Leader of the anti-Bolshevik White Movement during the Russian Civil War

The Supreme Ruler of Russia (Верховный правитель России), also referred to as the Supreme Leader of Russia, was the head of state and Supreme Commander–in–Chief of the Russian State, an anti-Bolshevik government under a military dictatorship established by the White Movement during the Russian Civil War. For nearly two years from November 1918 until April 1920, the armies of the White Movement were nominally united under the administration of the Russian State, during which the Russian State claimed to be the sole legal government of Russia. The office's sole holder for most of its existence, and the only one to officially adopt the titles and functions of the Supreme Ruler, was Admiral Alexander Kolchak, who was elected to the position by the All-Russian Council of Ministers following the November 18 coup which overthrew the Directory.

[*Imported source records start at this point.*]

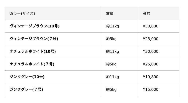 (左)ヴィンテージブラウン (真ん中)ナチュラルホワイト (右)ジンクグレー
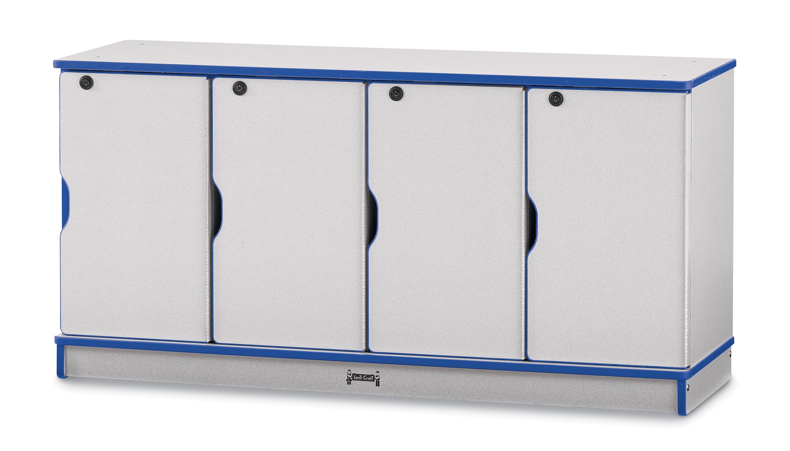 Keep take home items secure for four children with this locker unit. Different locks and keys are provided for secured lockers. Individual lockers are 10.5" wide x 12.5" deep x 20" high. Stacked lockers must be fastened to a wall. Note: The units have fouKYDZSafe edges. KYDZStrong construction. KYDZHinges. TRUEdge. Constructed of 5/8” thick freckled-gray Thermally Fused Laminate (TFL). Stationary. See cleaning recommendations at www.jonti-craft.com/cleaning.
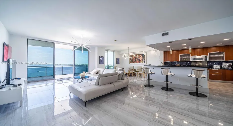 This unit stands out for its highly desirable corner location and impressive L-shaped 600 SF balcony, wrapping around both the avenue and side street. Coveted corner unit with unobstructed panoramic bay views to Miami Beach and Bal Harbour. Features an L-shaped 600 SF balcony wrapping around both the avenue and side street, offering abundant natural light and seamless indoor-outdoor living. Spacious master bedroom with bay views, walk-in closet, and elegant bath with glass shower, double sinks, bidet, and tub facing the bay. Gourmet kitchen with top appliances, 10’ ceilings, impact windows. Cable & high-speed Internet included. Building offers gym, lounge, 24hr security, jacuzzi, business center, party room, infinity heated pool. Rented furnished with modern décor and art. Easy to show.
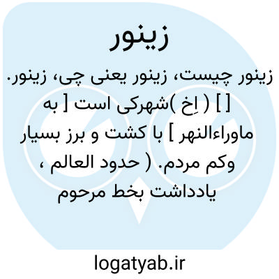 زینور. [ ] ( اِخ )شهرکی است [ به ماوراءالنهر ] با کشت و برز بسیار وکم مردم. ( حدود العالم، یادداشت بخط مرحوم دهخدا ).

All commanders of the White armies in the south and west of Russia, as well as in Siberia and the Far East recognized the Supreme Ruler; at the turn of May — June 1919, the generals Anton Denikin, Yevgeny Miller, and Nikolai Yudenich voluntarily submitted to Alexander Kolchak and officially recognized his Supreme Command over all armies in Russia. The Supreme Commander at the same time confirmed the powers of commanders. For nearly two years, Alexander Kolchak was supported both diplomatically and militarily by the former Allied Powers of World War I. On 4 January 1920, Kolchak announced his resignation, granting the office of Supreme Ruler to Anton Denikin. Denikin served as the final acting Supreme Ruler of the Russian State, though he accepted neither the titles or functions of the office, which was finally declared extinct on 4 April 1920.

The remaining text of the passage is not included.